I know you clearly are ignoring my actual words, but there is no revisionist history or negative bias in that article, which is what this thread is about.  Quite the opposite, it's the best picture of what it was actually like inside NEC US and TTI that we've ever gotten, and it was written by a journalist who was a big fan of the system in the early '90s.  What you're saying here is ridiculous compared to reality.  And of course, most of what I've said in this thread is just to say that I think the article is accurate, so I'm not being "revisionist" either.

Of course, it's also not "revisionist" to say that no console has ever succeeded which had poor national distribution and relied as much on catalog ordering as it did in-store sales.  And that we now know that the previous guesstimate of US TG16 sales, 900,000, actually is far too high and the system actually sold somewhere between 550,000 and 650,000 in the US and Canada, with 750,000 total being manufactured for the Americas, shows this even more strongly than ever.

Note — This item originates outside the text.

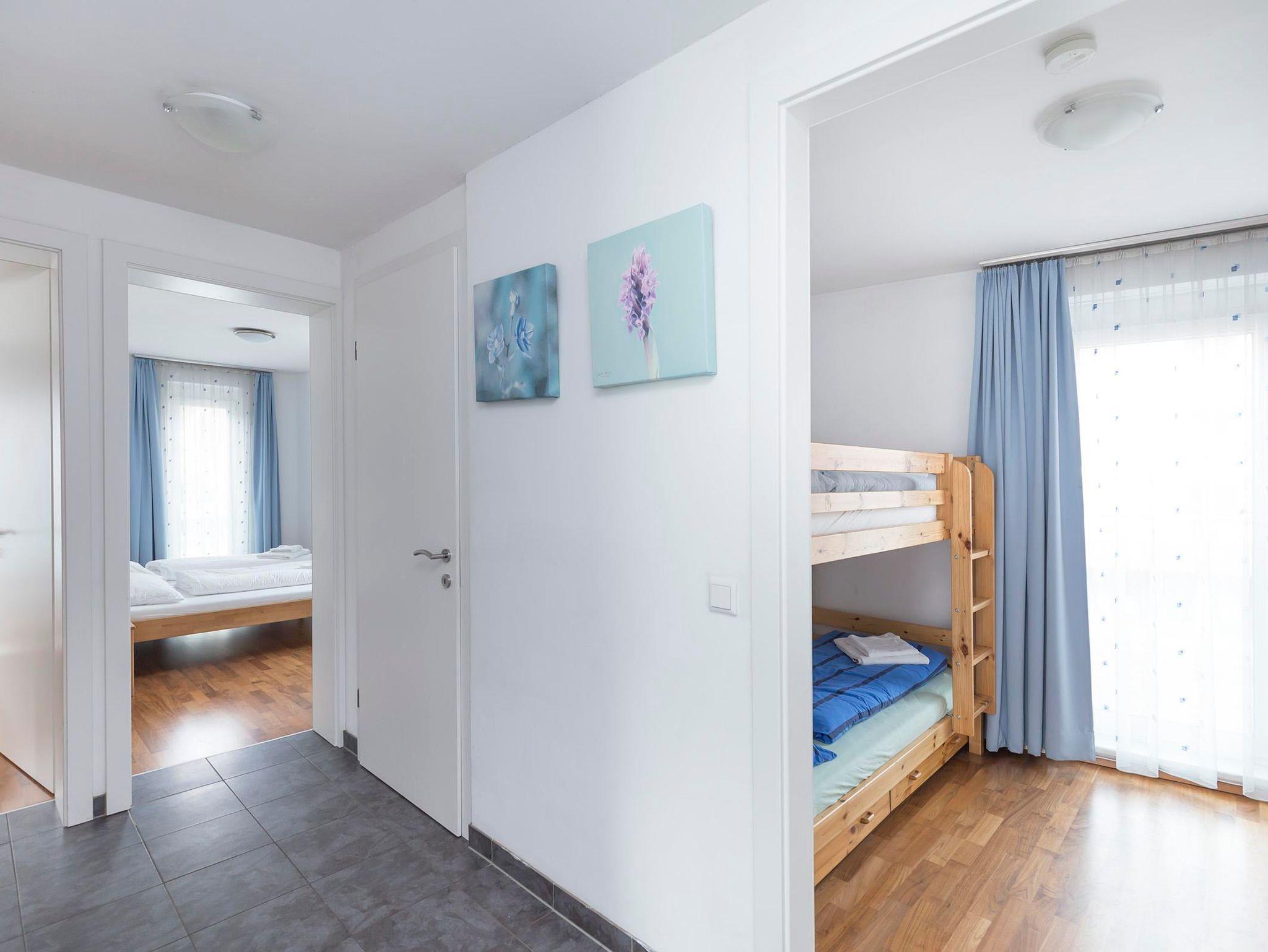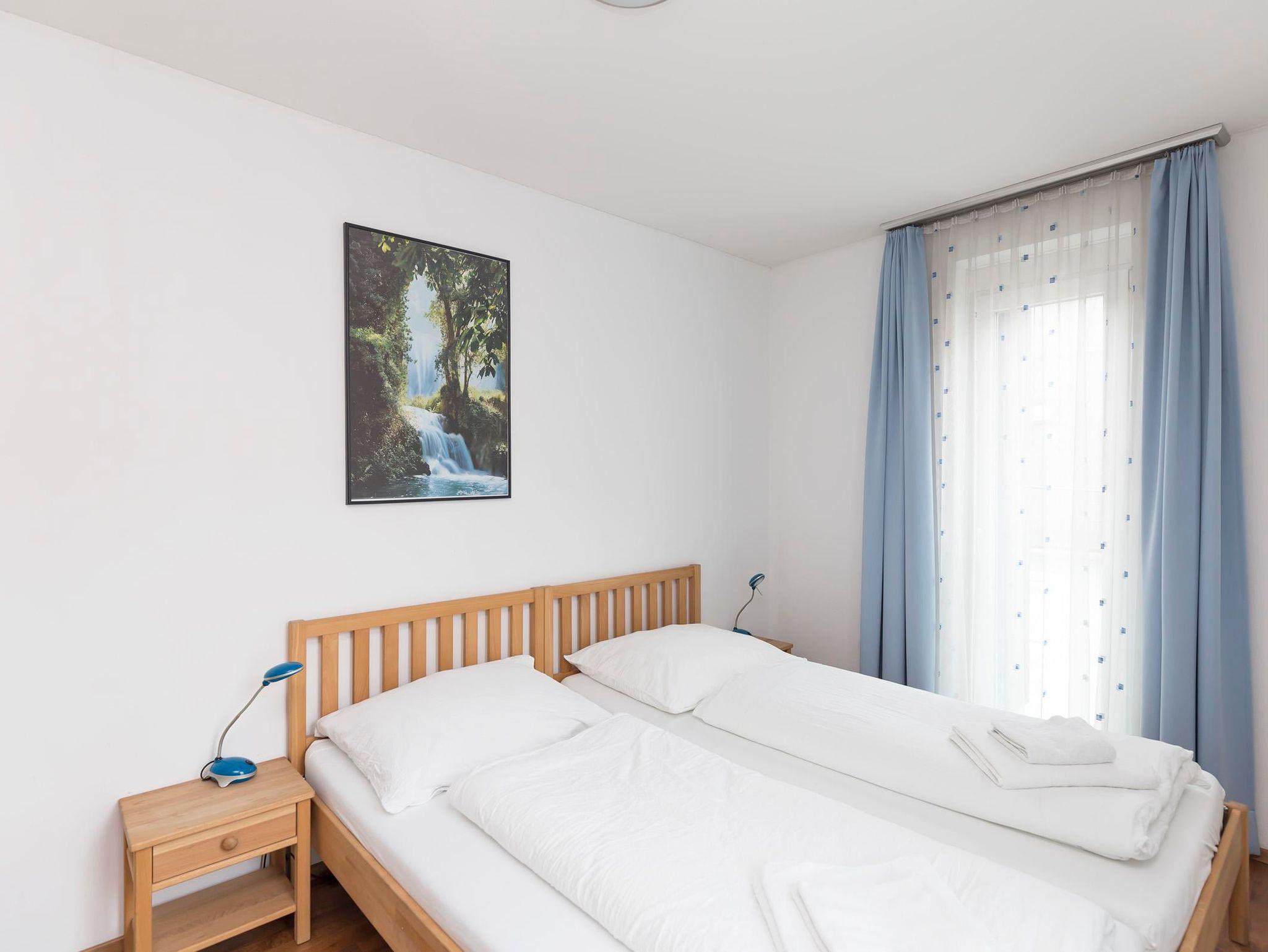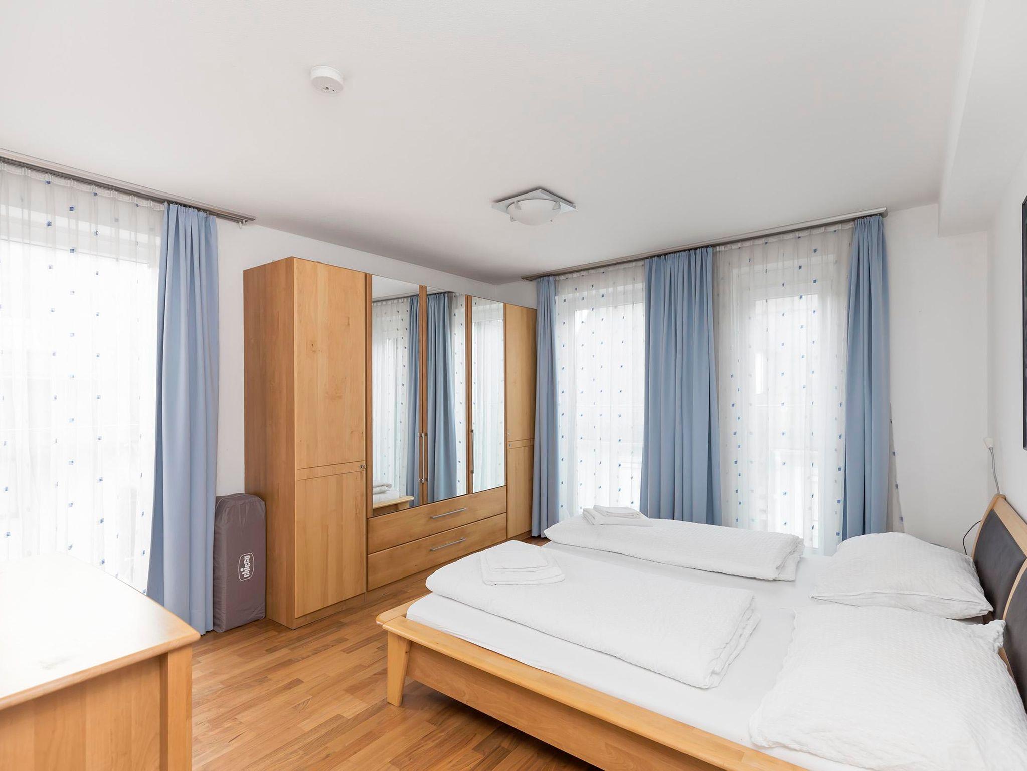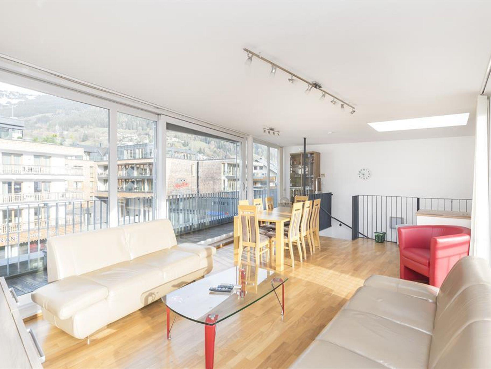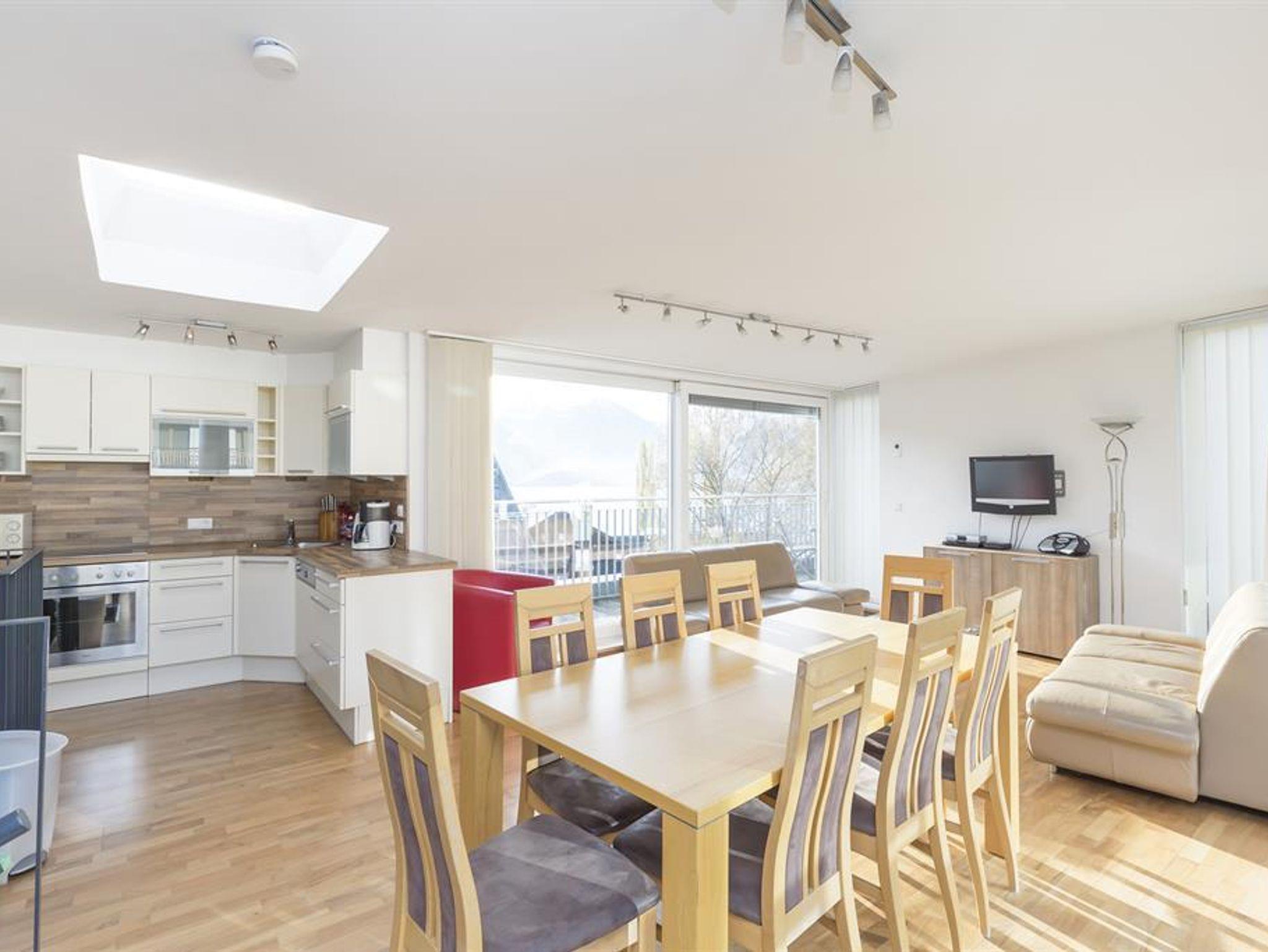 Located just a very short walk from the railway station, this duplex penthouse apartment is a 5 minute walk from the CityXpress lift. There is a communal entrance with lift to the 2nd floor entrance to the apartment. The hallway leads to a double bedroom with en-suite bathroom (also accessible from the hallway), a twin bedroom, bunk bedroom, shower room with wash-basin and separate toilet. Stairs to: top floor open-plan living and dining area with Sat TV/DVD/CD player and fully equipped kitchen with microwave, dishwasher, fridge/freezer, electric oven and hob. Access from the living/dining area to a wrap-around balcony with table and chairs with stunning views of the lake and mountains. There is dedicated and covered parking for one car. In the basement of the apartment block, the apartment has a dedicated heated boot rack for 5 pairs of boots
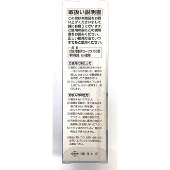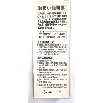 <お手入れの仕方> 1)電池をぬいて下さい。 2)器具は石鹸水、またはぬるま湯に柔らかい布を浸し、よく絞ってから拭き取って下さい。 3)器具の丸洗いは絶対にしないで下さい。漏電の原因です。 4)汚れ取りの為に揮発の物及び熱湯などは使用しないで下さい。 5)ランプは汚れていると適正な明るさが得られません。 *商品に関してのお問い合わせは、お買い上げになられた販売店にご連絡下さい。

That isn't the only defense.  Do you really think that of all those stores that had it in their catalogs that none of 'em carried the games in stores too?!?  Of course they did.  How many of us have now chimed in and said that we bought games locally yet didn't live in one of the five select markets or huge cities?
I didn't say that.  I mean, here the system could be found at Toys R Us, so it was available SOMEWHERE physically, if not much of anywhere else.  It just wasn't all that many places, while the SNES and Genesis were very widely available.  (For the Genesis, this particularly would be for '91 and beyond; before Sonic, the system wasn't nearly as successful as it would become afterwards, of course.)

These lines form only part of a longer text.